Before I conclude, I'd also like to add that there's an inherent bias in Western nations (where bandwidth and Internet access is plentiful) to assume that the real-time (or near real-time) conversation begins and ends on the Web. This is simply not the case worldwide. The majority of the connected planet still relies on text messages (SMS), phone calls, and radio for news. So, perhaps as a discussion for another day, I'd like to explore the importance of developing systems with multiple points of access. We developed SwiftRiver with this in mind so people in the most remote village without smartphones, without access to the Internet, and without computers can at the very least still act as nodes of information for our Swift.

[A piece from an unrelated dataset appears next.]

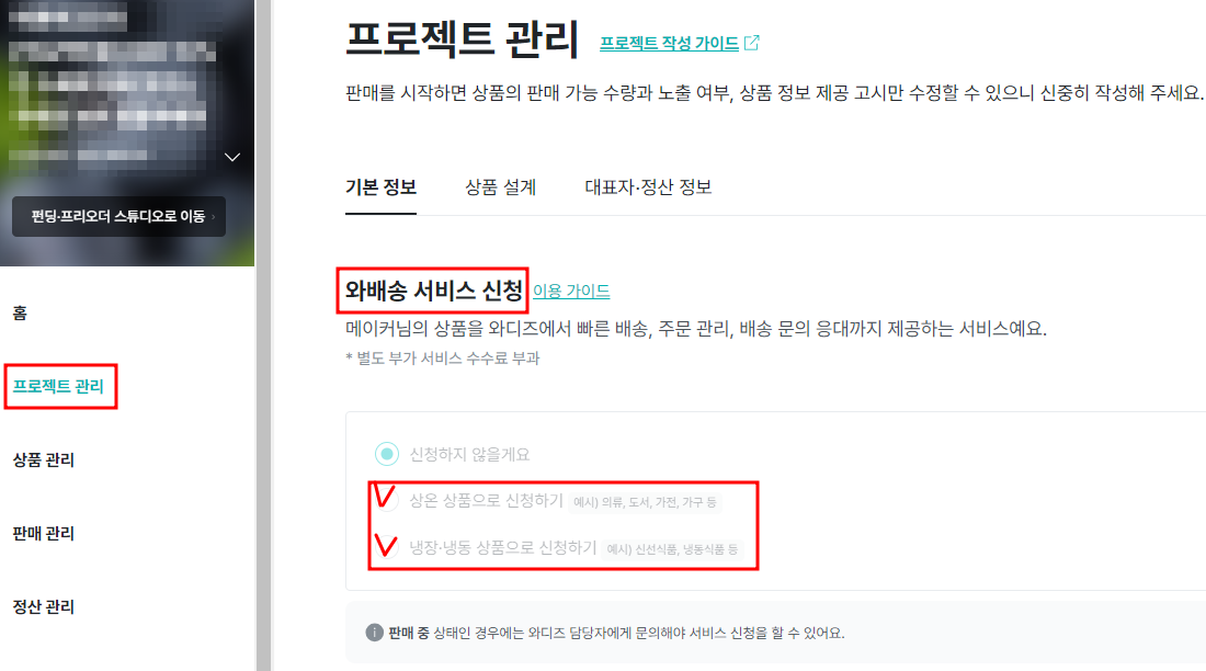 2. 在店铺메이커 스튜디오的[项目管理]菜单中输入基本信息、商品设计、负责人·结算信息后,点击[临时保存]按钮。 勾选[ 와배송服务申请]后,点击[提交]按钮。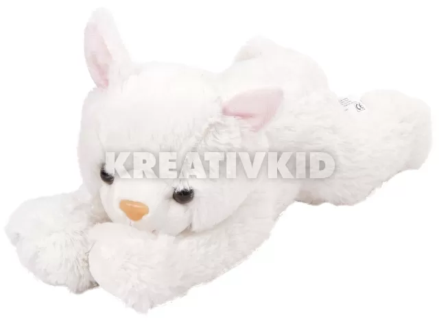 Hófehér plüss macska, fekvő plüssfigura változatban! A fehér Cica plüssfigura egy fekvő aranyos macska, rózsaszín orral és fülekkel. A cica rövid szőrrel készült, fekete gombszemei vannak, egy igazi simogatható kedvenc. A fehér Cica plüssfigura mérete: 25 cm.

While SwiftRiver is being developed with a particular use-case in mind (monitoring emergencies) it obviously has a number of other possible applications. A system like this could be used to monitor anything: celebrity scandal, environmental news, political news. The software and ideas behind it are subject-agnostic. The contstant is how we process information to help surface the items that may be more relevant in a given scenario to our users.